# Bath Vanity Mod



## MT Stringer (Aug 15, 2012)

I decided our vanity needs more drawers! :grin:
The two top drawers were in actuality just false fronts nailed to the carcase from the inside. This was so a counter top with dual sinks could be used. But we opted for a top with a single sink.

I removed the fronts, and installed some spacers in the rear so the rear brackets for the drawer tracks can be attached.

Hopefully tomorrow I will get the drawer boxes built. The weather has turned crummy so spraying outside is cancelled for now.

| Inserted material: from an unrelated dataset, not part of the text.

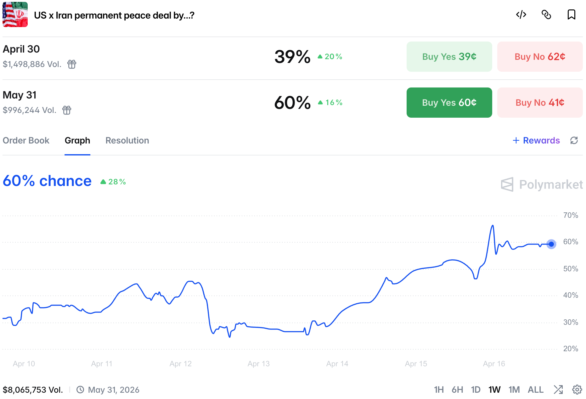 In a flurry of conflicting news traders see a path towards peace. Since yesterday, peace chances grew to 60% by end of May.
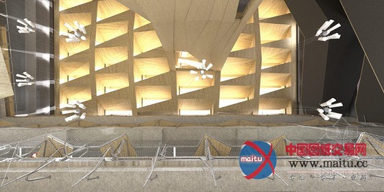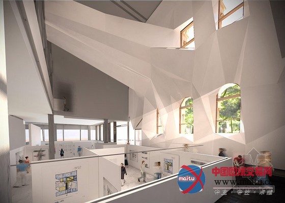 这个建筑需要知足讲授所需要的环境前提,具体包含可用于进修和鼎新讲授的各学科工作室。建筑里有一个中庭,和一个木盒子式的工作室大年夜厅,可作为自由讲授空间,可以或许让室内接管天然通风和阳光。一层有14320平方米的空间,因为建筑外表是多孔挡板,室内布满了柔和的散射光。就如许,新的外表给了这个汗青建筑艺术化的室内光线结果。

Here's a couple of pics of the progress so far.
Mike


----------



## RainMan 2.0 (May 6, 2014)

Good thinking Mike . I was going to see if I have enough clearance to install a power outlet in the back of my top drawer. Not sure how easily it will slide with 14 gauge wire going to it though


----------



## DaninVan (Jan 1, 2012)

*??????*



RainMan1 said:


> Good thinking Mike . I was going to see if I have enough clearance to install a power outlet in the back of my top drawer. Not sure how easily it will slide with 14 gauge wire going to it though


You sure the welder will fit? :no:


----------



## Cherryville Chuck (Sep 28, 2010)

You can't use Nomex or Romex or whatever we have these days Rick. It's not designed to flex that much or that many times. You would have to install an outlet in the wall behind and then run stranded extension cord type wire to a box in the back of the drawer. And to be up to code it would have to a GFCI plug or GFI breaker in the panel.


----------



## RainMan 2.0 (May 6, 2014)

I was thinking the same thing Charles , run a more flexible wire off the gfi to a box


----------



## jw2170 (Jan 24, 2008)

C'mon Mike. Admit it. You were just looking for another project, now that the kitchen remodel is almost done......VBG.


----------



## MT Stringer (Aug 15, 2012)

This drawer building stuff is getting easy. :surprise::smile:


----------



## MEBCWD (Jan 14, 2012)

Mike my question is "where do you find all the time for the projects you do?".


----------



## MT Stringer (Aug 15, 2012)

MEBCWD said:


> Mike my question is "where do you find all the time for the projects you do?".


Well, I'm retired so I am not on any sort of clock or schedule. I can't just sit around and get rusty! :grin:

And when I get on a roll, I get several things going at once. My laptop is doing it's first full backup. I have my wife's old laptop that I am swapping out hard drives. And tonight, I fired up Chromecast via ipad, and watched 30 plus You Tube videos on the big screen TV! :surprise::grin: I like that.

I will probably sleep late and then start all over again tomorrow. The drawers fit like a glove so tomorrow I need to go find a couple of knobs and install the drawer fronts, and that little mod will be complete.


----------



## MT Stringer (Aug 15, 2012)

Done deal. Already moved in! :surprise::grin::grin::grin:


----------



## RainMan 2.0 (May 6, 2014)

Great job and good idea Mike !


----------



## old55 (Aug 11, 2013)

Nicely done Mike.


----------



## CharleyL (Feb 28, 2009)

Attaching the back end of the drawer slides in a cabinet that already has the sink top installed is quite a task, isn't it. I did the same modification a few years ago, and it took my body several days to recover.

You did a good job. They look original, with no sign of the recent modification. I bet she filled them up before you could even reach for your stuff.

Charley


----------



## Stick486 (Jan 4, 2013)

nice Mike..
very nice...


----------